Friday, January 22, 2010
In the Trees
I'm sitting in a coffee shop in Winter Park, waiting for the sun to come up before heading over Berthoud Pass, going back to Fort Collins after two days of good skiing. The groomed ski trails were sketchy at best, lots of bare spots and rocks, but the woods harbored deep powder. Few skiers were out...the destination folks and the day trippers were waiting for the snow that would accompany massive winter storms.
So few folks ventured into the woods. But the woods harbored old ski tracks, covered with the few inches of snow that had fallen during the last week. The tracks wound between trees, under branches, around logs, catching the sloping curve of the hillside. Skiing trees keeps one totally focused...following a trail between two trees and realizing the track was probably made by a 10 year old and one just might not fit...judging the degree of slope...avoiding tree wells (spaces under trees that are deep hollows)...trying to psyche out the next couple of turns. And, then, suddenly making a new track and hoping not to shudder to a stop in some deep pocket of powder or, worse, have the skis go under a log and suddenly stop resulting in some form, hopefully non-lethal, of face plant. More commonly, I turn off an old trail to make some new tracks and wind up buried in a drift of deep powder.
In the trees it's all about figuring your next moves through a tangle of trees and branches, being grateful for the helmet as you lean forward and downward, in the silence of the forest...pure concentration.
Not at all like the Denver road traffic that I had to move my SUV through in order to reach these still, silent woods.
Thursday, January 7, 2010
Snow Mountain Ranch
We stayed in a high mountain cabin outside of the small town Tabernash with a group of friends from the Colorado Mountain Club. If it were not snowing too hard, you could see the western side of the Continental Divide across the valley, rising above the lower forested hills. We skied for three days, cross-country skiing, breaking trail sometimes, sometimes gliding on groomed runs, sometimes just standing breathless in the forest after a stiff climb uphill, discovering patterns in the snow.
And sometimes the patterns were ones we made ourselves in the shop at the Nordic Center. Yet they all seemed to represent a kind of structure to our experience, bringing the vastness of the landscape down to a comprehensible scale, one that could be touched and moved through. And moved on.
Saturday, January 2, 2010
Parties
Christmas is the one time of year when everyone gets into art installations. The tree, decorations, music...kind of like going to a museum to see an ephemeral collection of objects. So we move around furniture, string lights outside, and create an atmosphere for reminding ourselves of our traditions and for enjoying a change in domestic ambiance. And part of that ambiance is directed toward getting together with friends and family, having a "hyggelig" evening (as they say in Norway and Denmark), being warm, cozy, and glad to be together. We are, after all, a social species.
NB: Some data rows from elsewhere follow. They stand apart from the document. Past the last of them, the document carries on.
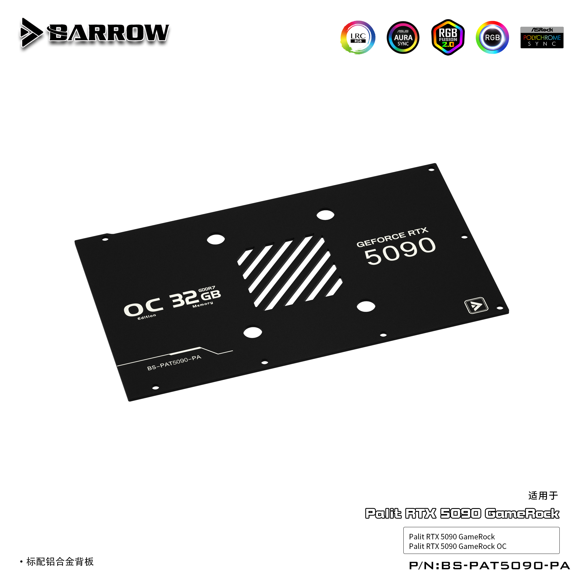 Barrow 同德GameRock 5090全覆盖显卡水冷头散热器 BS-PAT5090-PA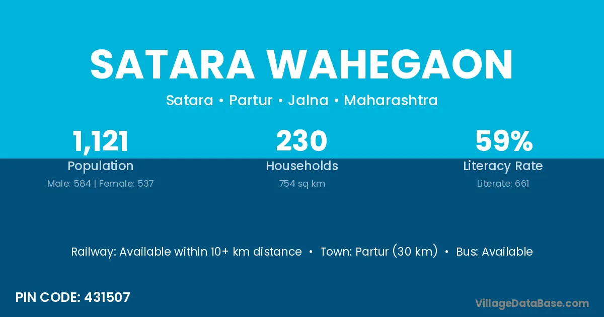 Partur (30 km) is the nearest town to Satara Wahegaon village for major economic activities and is located approximately 30 km away.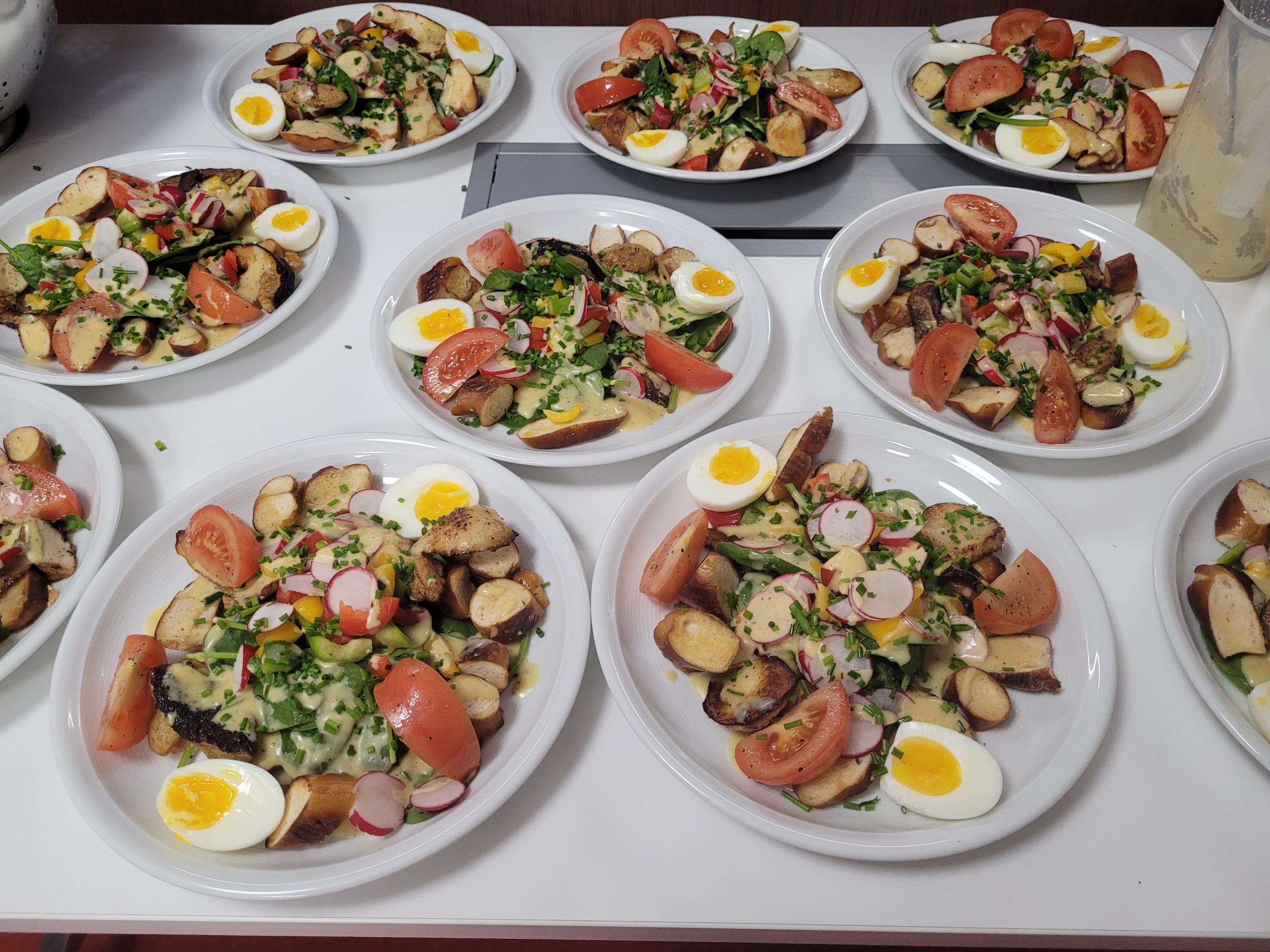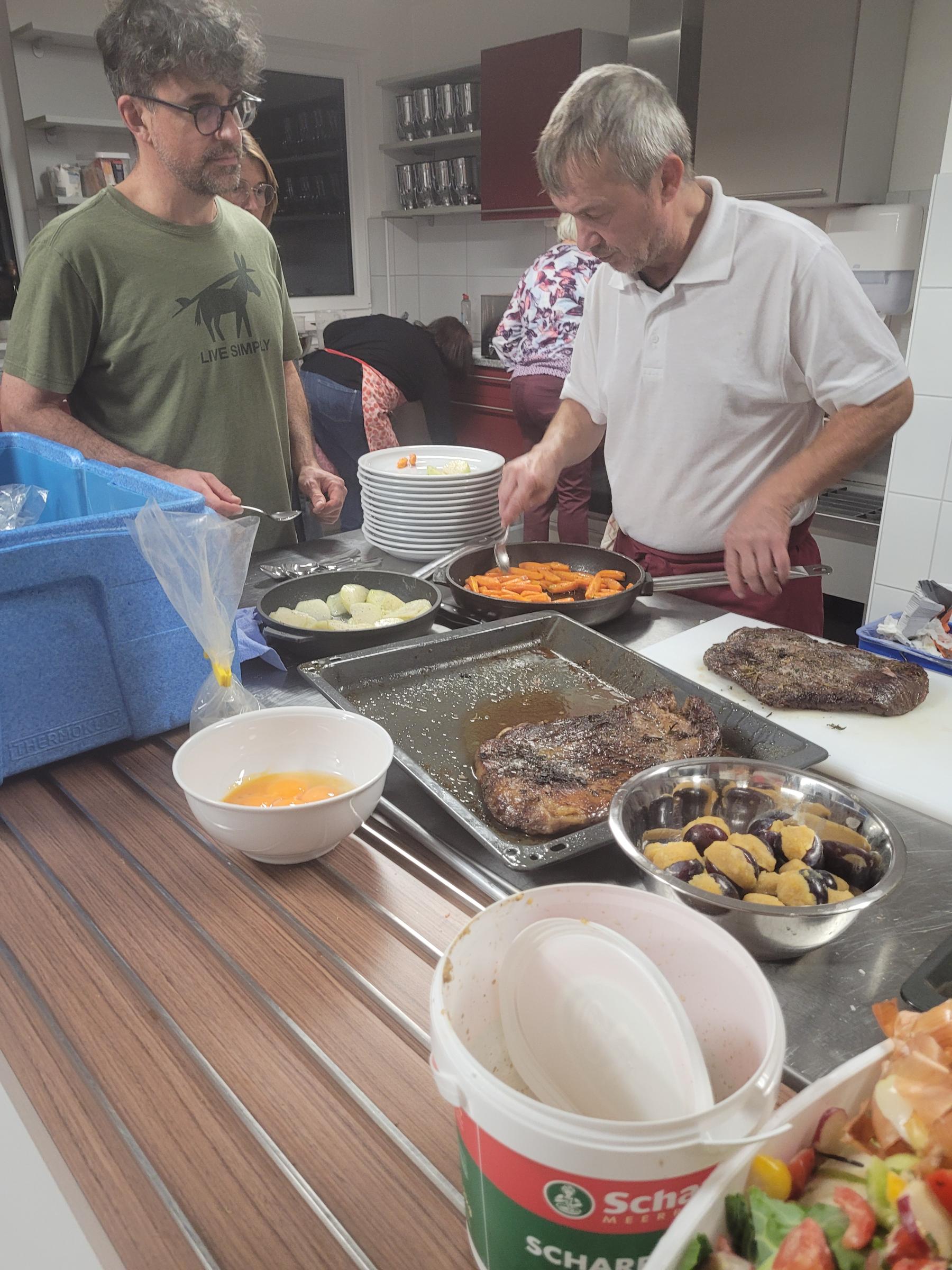 Einige der Teilnehmer*innen sind Wiederholungstäter*innen und besuchen die Kochkurse Günter Sponsels bereits seit der 1. Stunde. Beim bio-regionalen Schwerpunkt war die Gruppe gut durchmischt von Profis und Neulingen, die alle zu einem gelungenen Ablauf beitrugen. Spätestens nach der Vorspeise war allen klar: so ein Kochkurs ist eine Wiederholung wert!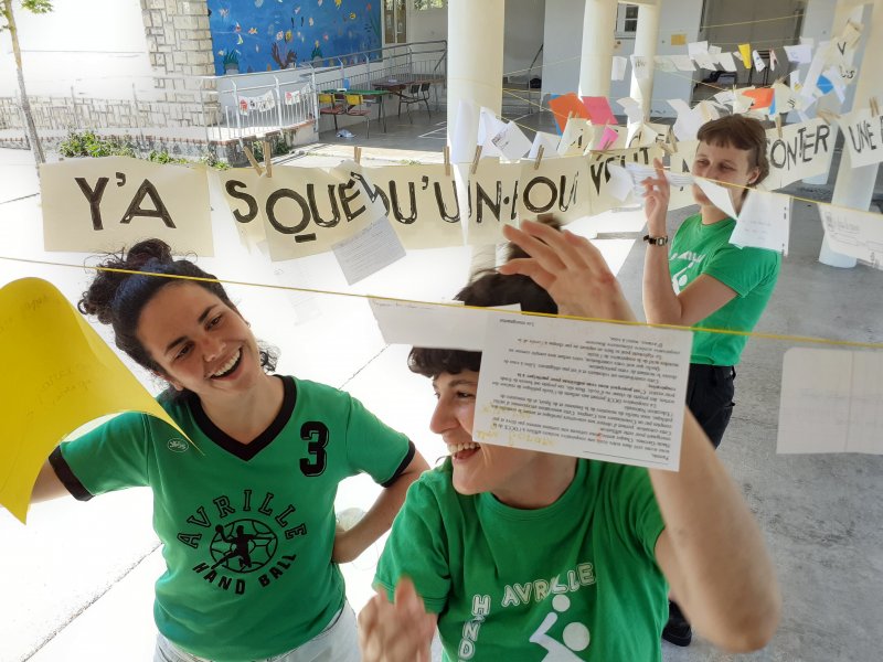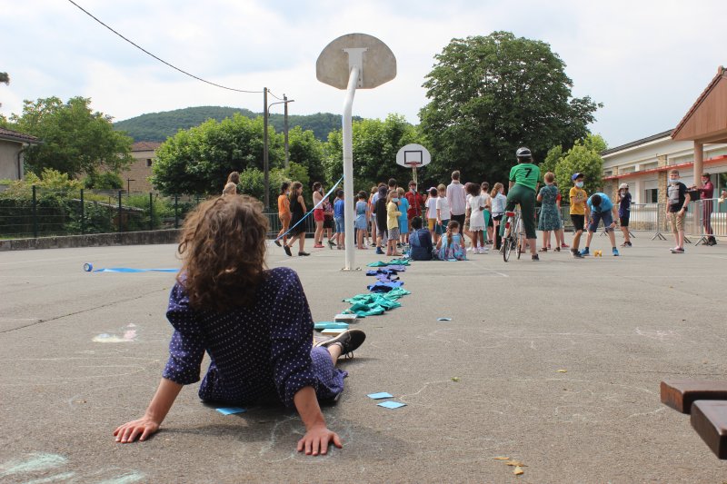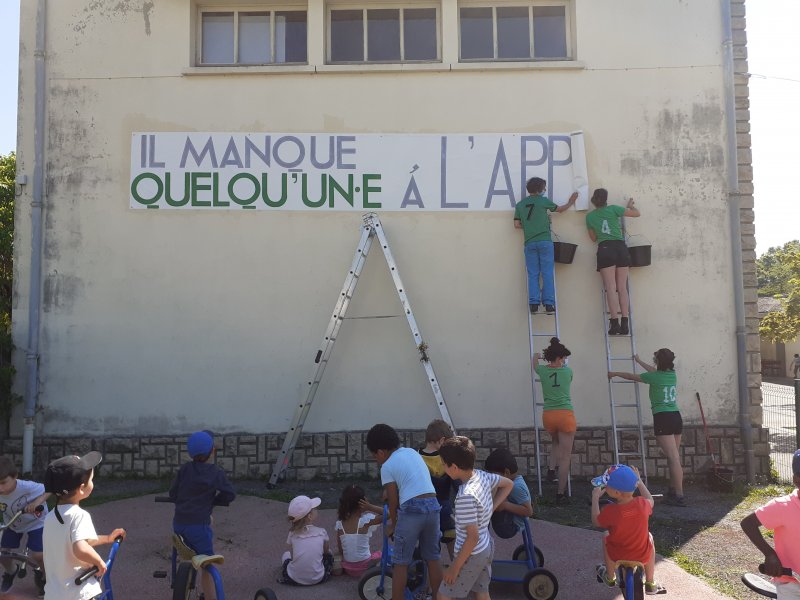 Quelques interpellations collées dans l’espace public, quelques personnages énigmatiques, des saynètes impromptues ici ou là, ont constitué les axes de recherche de ce jeune collectif d’artistes. L’école en a conservé une belle trace sous forme d’une fresque collée dans la cour de récréation, reprenant les questions des artistes et les réponses des enfants qui se sont prêtés au jeu !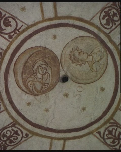erscheint. Sehr auffällig ist hier eine um 90° verdreht gemalte männliche Sonne. Durch diese Ausrichtung
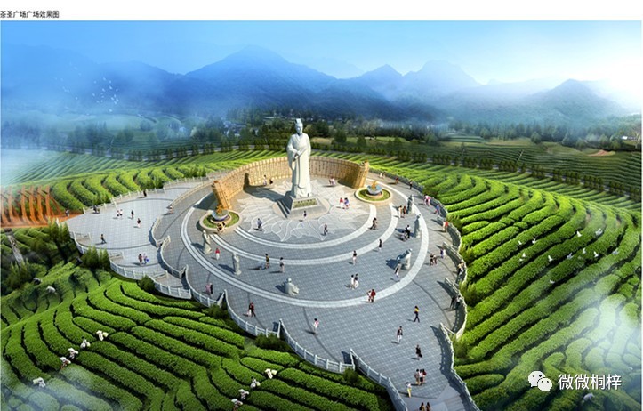 到茶圣广场,看中国第一高“茶圣”:据森航集团相关负责人介绍,在建的茶圣广场上的陆羽像是中国第一高茶圣像。通往茶圣广场的花岗岩石阶共计12个平台365阶,每个平台中间刻有汉白玉浮雕,每阶按月雕刻日期。茶圣广场的地面由两片茶叶形状错叠而成,用天然花岗岩铺设,约2592平方米。广场中央伫立着茶圣陆羽的雕刻,雕刻分9层,由56块共888吨汉白玉雕刻而成,雕刻底座长8米,宽6米,高2米,像身高18.8米,加上底座高20.8米,其高度目前居全国第一。雕像正面刻有陆羽简介;背面刻有成弧形的《茶经》画卷浮雕,弧长16米;左右分别刻有“茶”字。神像周围分别蹲站着6位由天然花岗岩雕刻而成的茶神,他们分别是白居易、陆游、朱权、康熙、吴觉农、张天福,其中站像和坐像分别有3尊,每尊站像高3米,8吨左右,每尊坐像2.1米,10吨左右。

And so there is the need for preparation...food and drink and music. As in past years, we have a band. This year, The Fort Collins Blue Grass Band, and last year, the Piggies. About 80 people come by during the evening...the older boys create a game room in the study where they can hook up to the internet...the younger kids stay downstairs for crafts and movies. Age groups creating their own sense of fun. We dedicate this and every annual party to our friend, Marita Vander Have, who died a year ago from cancer. We began this annual party with her about 25 years ago in Maryland and we have carried it west with us like a well worn leather coat.
But there are also parties that change the pace. Patrick and I went down to the Acid Candy Cane event at the F/stop, a coffee house that brings life and good drink to the Center for Fine Art Photography in downtown Fort Collins. Music by Dirty Monkey. Live Art. Opening reception. Now this does change the pace...kind of picks things up a bit. Enough at least to then move onto the party at Francisco's where the dancing is still going on. Funny, though, nobody wants to make breakfast for us at 2:00 am though we did call several friends to see if they were up. And, get this, they are still our friends.
And then the more formal dinners...Christmas Day around the dining room table, the three hour meals...interrupted perhaps for a walk around the block if it's not snowing too hard...and having the opportunity to just share the simple act of being alive, all at the same time, enjoying one another's laughter, talk, observations. Sometimes just being here is enough.
Happy New Year. Feliz Año Nuevo. Glad Nytt År.